Gilliland has always been one of those characters. Originally drawn from the Midwest to Colorado by the Air Force Academy and his ambition to become a pilot, Gilliland left the academy after two years – “I always say I was glad I went and glad I got out; the authority thing is definitely tough to swallow sometimes” – and spent a year in France. There, along with meeting Cook, he got the idea for his first retail food business that he put into action upon his return home to Chicago.

“I bought a horse trailer and remodeled it into a mobile crepe stand,” he recalls. “It was red, white and blue with little flower boxes on the side.”

Gilliland drove the retooled horse trailer from Chicago to New Orleans. Along the way, he says, “I picked up a kid on a work-release program. He was my first employee. And then I picked up two hitchhikers in St. Louis, and we drove to New Orleans and opened it during Mardi Gras.”

Was it profitable?

“No, it sucked,” Gilliland says, laughing.

Later he had a parasailing business in St. Croix. He and Cook wound up moving to Boulder because, he says, CU was the only school that would admit both of them. Gilliland earned an art history degree at CU, and she earned her law degree there.

Then came their foray into the retail grocery business that for Gilliland persists 25 years later with his aim to provide natural foods at low prices, particularly produce, which is 25 percent of Sunflower’s business.

“Part of it’s just keeping the overhead lower,” he says. “We run a fairly lean operation. We only spend $2 million a store, which is quite a bit less than any of our competitors. So the return-on-investment requirements aren’t as tough as they might be if you’re building a $10 million Whole Foods or whatever. And we self-distribute. We have a 120,000-square-foot warehouse that will probably handle 95 percent of our produce, so we’re able to go direct, and we’re able to buy on the spot market. It helps, too, that we’re a limited-assortment store. We don’t have 15 kinds of olive oil. We have four or five. We have a big focus on private label.

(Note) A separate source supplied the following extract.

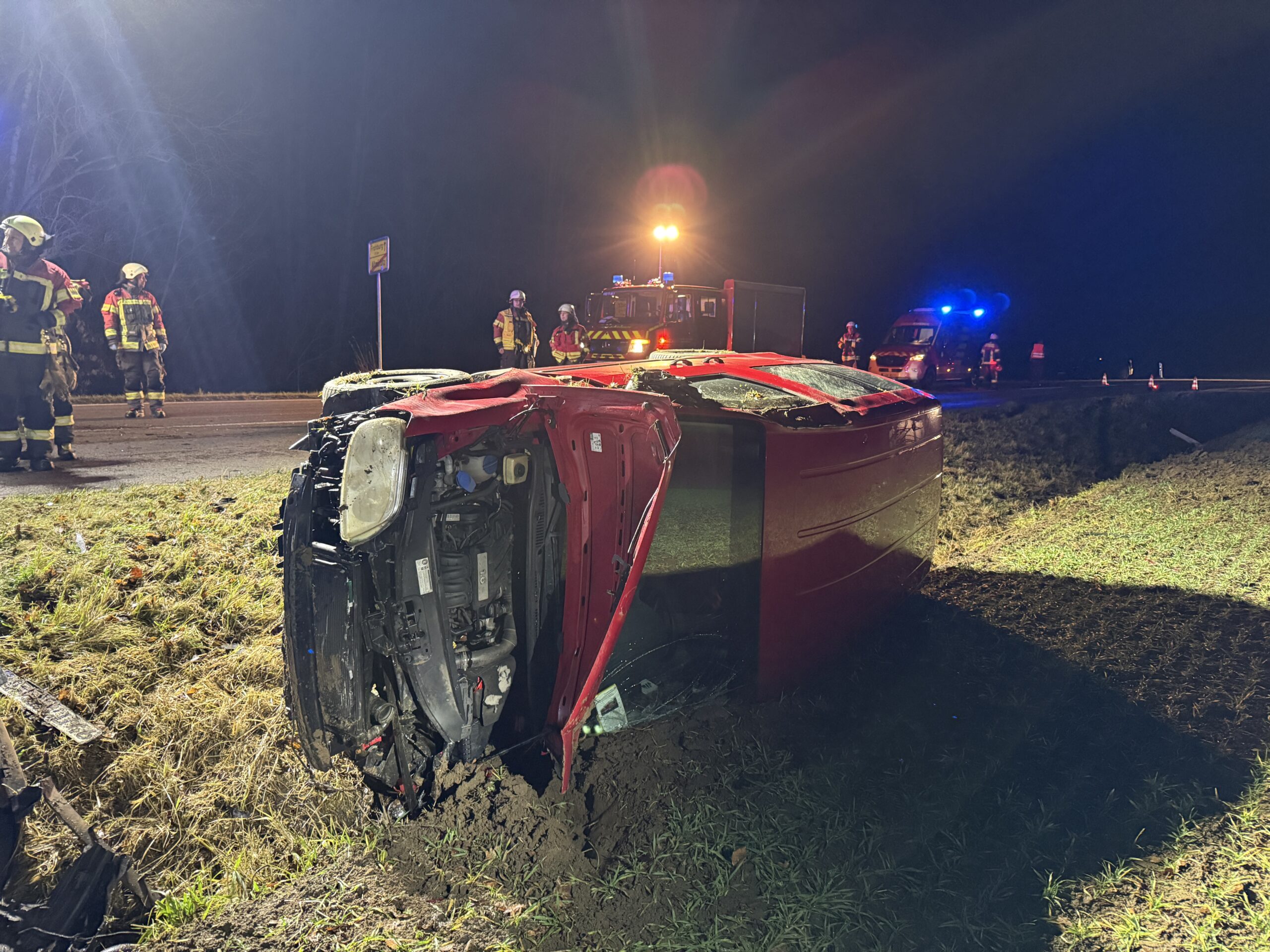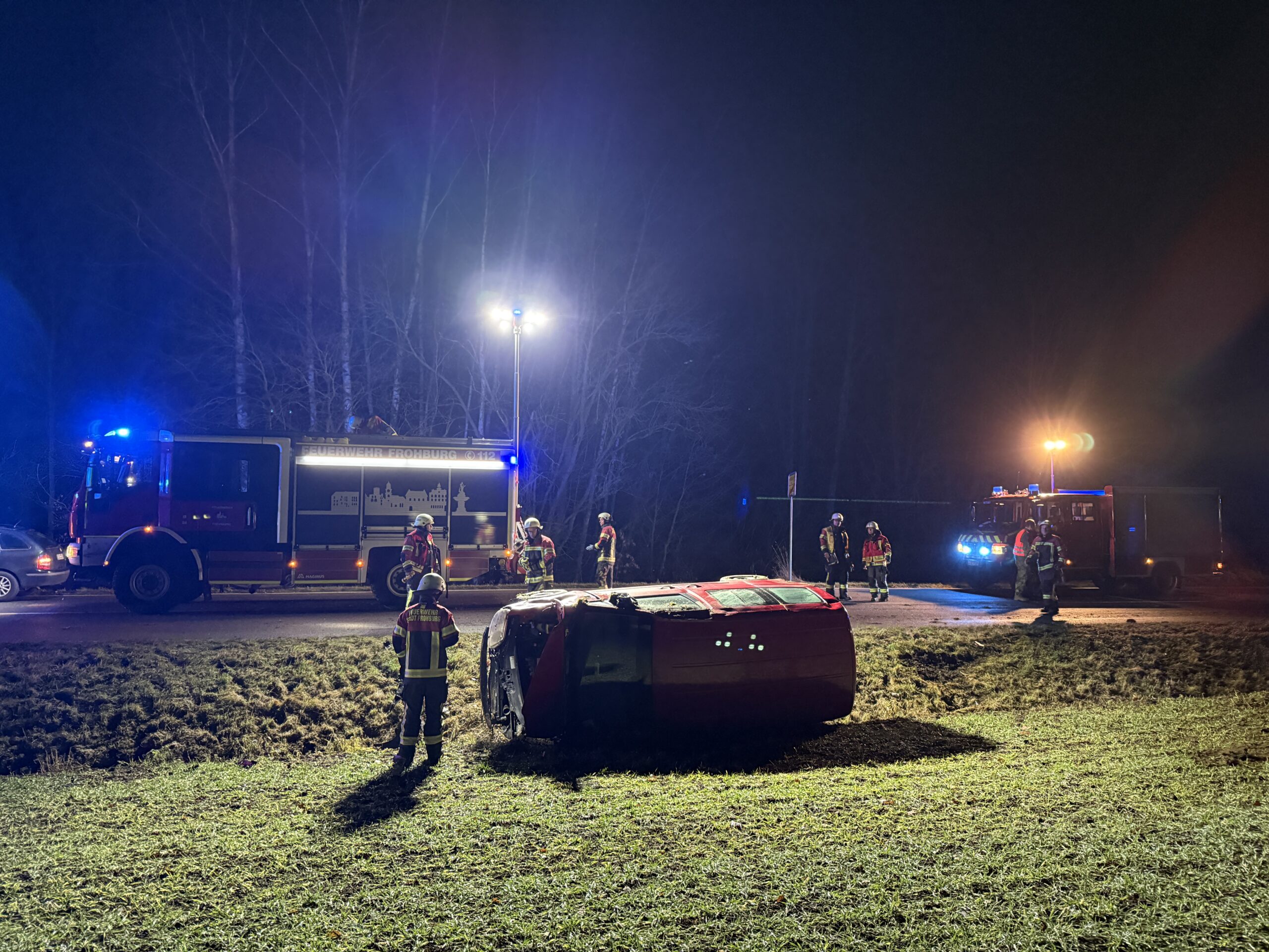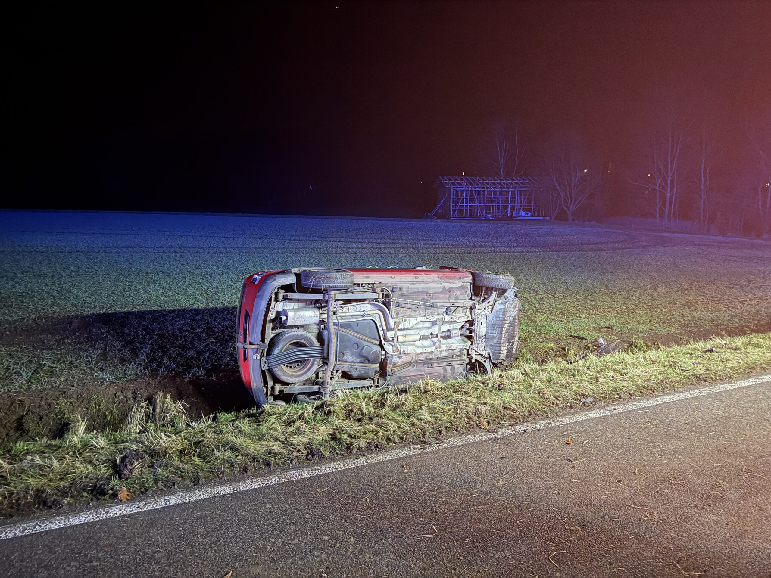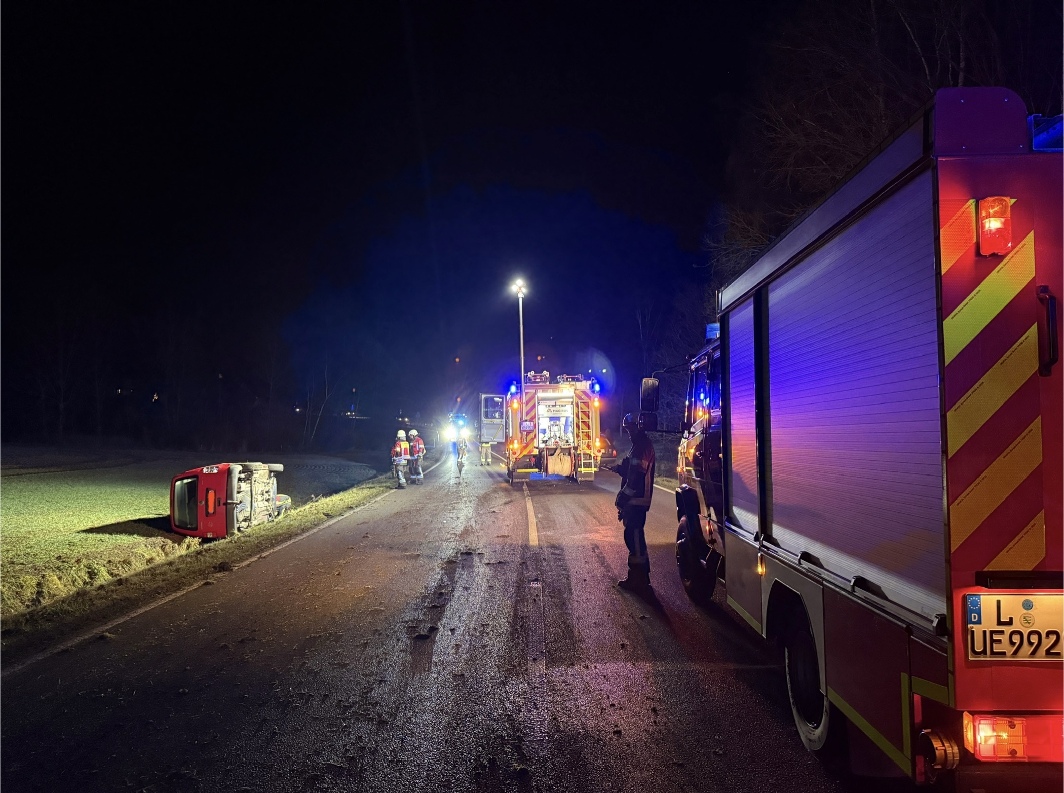 Heute Früh kam es auf der S51 bei Altmörbitz zu einem schweren Verkehrsunfall. Ein PKW hatte sich überschlagen und kam in Seitenlage im Straßengraben zum Stillstand. Entgegen der Erstmeldung war keine Person mehr eingeklemmt, der Fahrer konnte sich noch vor Eintreffen der Feuerwehr selbst aus seinem Fahrzeug befreien und wurde anschließend an den Rettungsdienst übergeben. Wir sicherten die Einsatzstelle gegen den fließenden Verkehr, leuchteten die Unfallstelle aus und nahmen auslaufende Betriebsstoffe auf. Während der Einsatzmaßnahmen war die S51 voll gesperrt. Nach Abschluss aller Maßnahmen wurde die Einsatzstelle nach etwa einer Stunde an die Polizei übergeben.

“I think it’s a good place to be,” he says. “Back in my Wild Oats days when we were competing with Whole Foods, we were both going after that kind of top-10 income level. I think this new approach gives us access to a much broader customer base. In fact, our five worst stores are in our five highest-income markets.”

These days Gilliland splits his time between Phoenix and Longmont, where he is developing a 40-acre property dubbed Sunflower Organic Farm that he plans to use to showcase organic farming and give tours, complete with a petting zoo for kids, and to provide some produce for Sunflower stores. The farm includes the restoration of a 3,500-square-foot Victorian farmhouse.

“I didn’t realize how much work that was going to be – and how much money,” he says. “But I have a new level of admiration for organic farmers. It’s been a fun project.”

The retail grocery business on the other hand, he’s used to. But it, too, has been a different challenge. “It feels like a startup, even though I’ve been doing this for eight years,” he says. “It’s just fun to build a business. About 80 percent of the management are people … we used to work together at Wild Oats. It’s kind of fun to assemble the ‘dirty dozen’ and start again. Also, I just like food and retail, and it’s hard to get away from it if you really like it.”